The toll of working shifts

January
January is turning out to be a very busy month for my better half. One of the guys he works with, has had to go out of town for a few weeks which means overtime, six extra shifts this month. Now that doesn’t sound like a lot, but when you work twelve hours (he is paid extra for breaks and lunch since his job does not allow him to leave the boiler room), and then throw in a few extra, your body becomes completely messed up. This week alone, instead of working just two nights, he did four, and without any days off, he is switching to days (Sunday is considered a day off since the shift started Saturday night). Thus, he worked Wednesday night, Thursday night, Friday night, and Saturday night, and tomorrow morning he will go in for a twelve hour day. Basically when he came home this morning he only slept for three or four hours, because he will be going back to bed tonight so he can get up and go to work in the morning.

Hubby and I have been together for almost thirty-one years and he has always worked shifts. Way back when, he used to work a completely insane schedule. The shifts comprised of working seven-eight hour days, two off, seven afternoons, two off, then seven nights with three days off. This rotation gave him one weekend off a month.
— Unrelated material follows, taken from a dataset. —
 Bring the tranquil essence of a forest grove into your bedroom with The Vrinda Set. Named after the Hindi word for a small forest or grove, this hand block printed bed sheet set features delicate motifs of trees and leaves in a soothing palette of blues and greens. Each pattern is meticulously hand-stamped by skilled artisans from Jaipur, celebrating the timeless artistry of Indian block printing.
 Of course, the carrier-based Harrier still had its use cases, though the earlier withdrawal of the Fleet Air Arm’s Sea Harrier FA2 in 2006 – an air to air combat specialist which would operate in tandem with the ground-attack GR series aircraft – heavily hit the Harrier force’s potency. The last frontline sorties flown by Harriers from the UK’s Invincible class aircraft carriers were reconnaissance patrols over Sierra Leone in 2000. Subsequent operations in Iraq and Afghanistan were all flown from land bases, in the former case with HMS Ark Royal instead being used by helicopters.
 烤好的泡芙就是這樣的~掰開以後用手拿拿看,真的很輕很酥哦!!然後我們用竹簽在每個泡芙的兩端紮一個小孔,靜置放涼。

I found it to be particularly difficult on me also; I had three kids all under the age of five and if it wasn’t for the help of my mother, I would have went crazy. Afternoons were the hardest, feeding the kids supper, clean up, cleaning them up, and putting them into bed. I’m pretty sure, I went to bed right after the kids. My one saving grace, my kids were (and still are) sleepers. All loved a good twelve hours of sleep, so bedtime was at 7 p.m.

Throughout the years, hubby has worked all different rotations, with each new job he started, there was always a new schedule to get used too. One benefit I did enjoy was him having days off during the week. On those days, he could and would gladly take kids to school, swimming, or soccer, giving me a break. When it is just you and the kids for days on end, you feel and are in some ways a single parent, because even if hubby was home, there were days he was just too exhausted to really do anything, or he was sleeping.
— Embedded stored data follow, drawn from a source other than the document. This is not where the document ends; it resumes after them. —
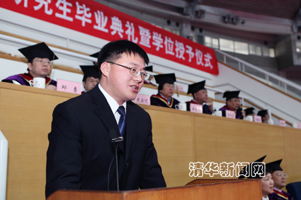 毕业生代表、精密仪器与机械学系博士生周铭与大家分享了自己在清华学习生活的心得。周铭以自己从事的壁虎攀爬仿生学研究为例,与大家分享了“摩擦力有助于人的成长”、“收获缘于挑战”等观点。
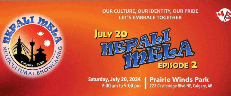 ‘हाम्रो संस्कृति, हाम्रो पहिचान, हाम्रो गौरव’ भन्ने नारासहित क्यालगरी सोसाइटी, क्यानडाले ‘नेपाली मेला’को आयोजना गर्न लागेको हो । मेलाको यो दोस्रो संस्करणमा नेपाली गायन क्षेत्रका मेगास्टारलाई दर्शकसमक्ष प्रस्तुत गर्न पाउँदा खुसी लागेको आयोजकमध्येका एक श्रीकान्त अर्यालले बताए ।
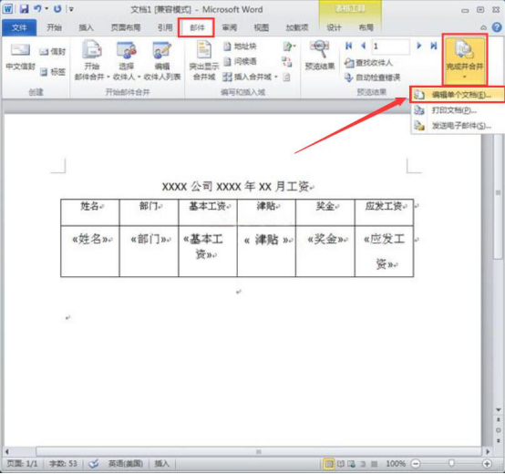8.完成上一步操作后,点击“邮件”菜单中的“完成并合并”,并从其下拉菜单中点击“编辑单个文档”。
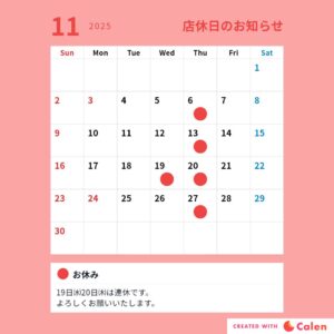 11月店休日のお知らせです。
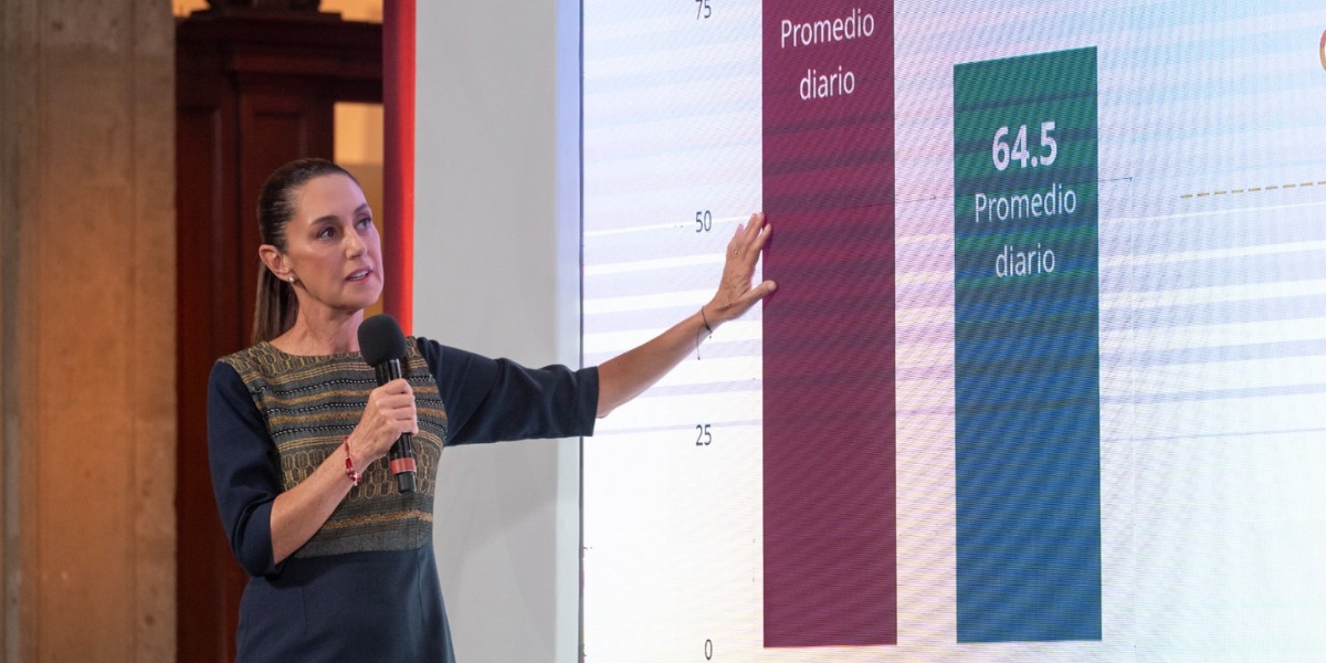 La secretaria ejecutiva del Sistema Nacional de Seguridad Pública, Marcela Figueroa Franco, explicó que el promedio mensual de septiembre de 2024 era de 86.9 homicidios diarios y en mayo de 2025 de 64.5, lo que representa una reducción en ocho meses de 25.8 por ciento. Además, de que mayo de 2025 es el mayo más bajo en cuanto a promedio de homicidios dolosos desde 2016, lo que evidencia la tendencia a la baja en dicho delito.
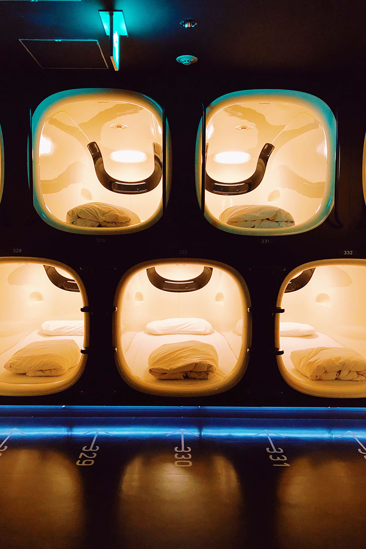 Hotels are generally a good option and, since they’re all going to be pretty tiny, pod hotels can be a fun and novel alternative.
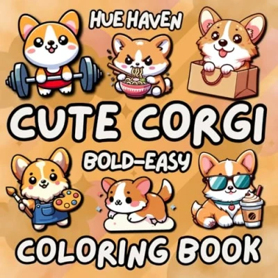 Cute Corgi: Bold and Easy Coloring Book for Kids Adults, Simple Stress Relief Corgis Designs.

Hubby has worked his current shift rotation for quite a number of years, and as it worked out, he wasn’t here for Christmas, boxing day, or New Year’s eve. On Christmas, we all woke at 6 a.m. to open our gifts, then middle child drove dad to work while the rest of us went back to bed (actually I stayed up, and started work on the dinner since we were having company). When the kids were small, it was a lot more difficult; waking kids early, or having them have to wait until dad gets home, is hard when all you want to do is open presents. The kids were troopers though, and would wait, asking every few minutes, “is he on his way home mommy”, kind of like the “are we there yet”question.

The one major bonus of night shift, especially when the kids were (are) in school, is well, sex. The kids weren’t home, so the parents played!

7 thoughts on “The toll of working shifts

  1. Pingback: The toll of working shifts | LAB

  2. Brandy

    Mine works shift work too. Has since we met each other. It was the worst when they went to 8 hr shifts to stick it to their employer. I definitely felt like a single parent then. You mentioned your husband works in a boiler room. What is his title? Mine is a power engineer and has worked in boilers too.

    Reply
    1. Catherine Burden Post author

      Hubby is a 2nd class Stationary Engineer. It took a bit to get used too, but I prefer the 12 hour shifts, because with this rotation he receives 2 weekends off a month. Thus we can actually have some sort of social life.

      Reply
  3. Izzie Anderton

    Congratulations on making this work with 3 kids over the years!!! It’s not easy. Hubby and I worked separate shifts for 7 years whilst literally juggling the twins & I have no idea how we stayed sane!!!

    Reply
    1. Catherine Burden Post author

      Juggling twins and two different shifts, I would have lost my mind. On the other hand, it is amazing how we do cope and somehow work out lives around the shifts. Kudos to you and your husband.

      Reply
  4. aFrankAngle

    Because not everyone has the benefits of traditional hours, thanks for the reminders. Loud Cheers to both of you for working it work for many years!!! … and for the excellent “touche” at the end!